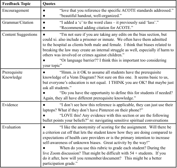 To determine common themes within the student and the instructor qualitative feedback, answers were copied into Microsoft Word. Repeated words were highlighted in matching colors to determine themes. The themes were then listed with quotes in each category.
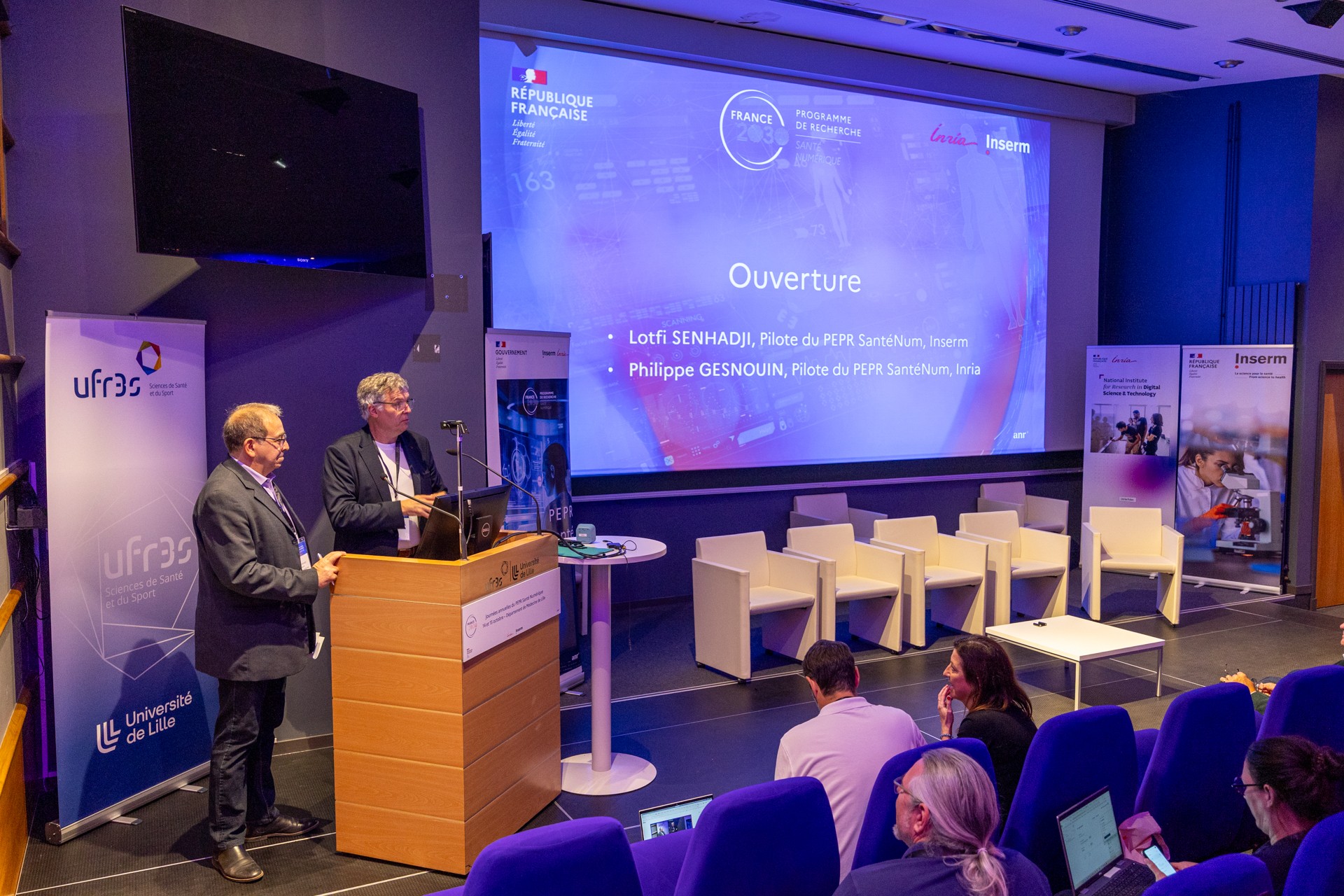 Les pilotes scientifiques, Lotfi Senhadji, professeur à l’Université de Rennes, pour l’Inserm, et Philippe Gesnouin, directeur du Programme numérique en santé d’Inria, ont ensuite pris la parole au nom du Comité de pilotage.
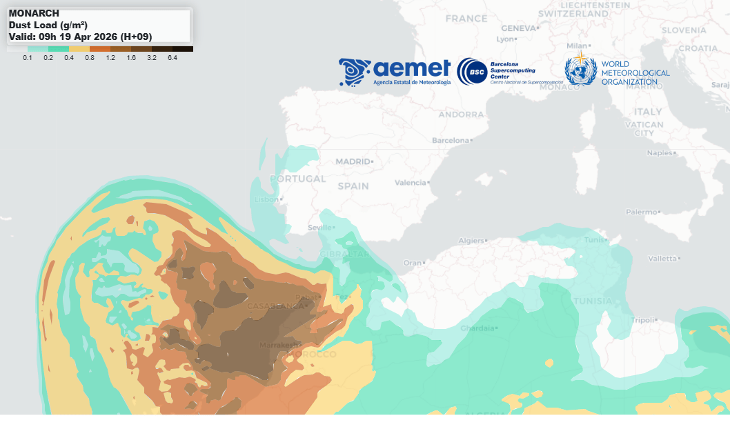 Por si fuera poco, la configuración atmosférica favorecerá una nueva irrupción de polvo en suspensión con una carga de polvo entre 0,5 y 1,5 g/m2. Situación desde luego más típica de plena canícula veraniega que de mediados de abril.
──────────
= GOAL OF THE EXERCISE =
From the first line of the material down to the line containing "Les pilotes scientifiques, Lotfi", inclusive, return each line exactly, skipping any picture.

= RESPONSE TO THIS TASK =
 To determine common themes within the student and the instructor qualitative feedback, answers were copied into Microsoft Word. Repeated words were highlighted in matching colors to determine themes. The themes were then listed with quotes in each category.
 Les pilotes scientifiques, Lotfi Senhadji, professeur à l’Université de Rennes, pour l’Inserm, et Philippe Gesnouin, directeur du Programme numérique en santé d’Inria, ont ensuite pris la parole au nom du Comité de pilotage.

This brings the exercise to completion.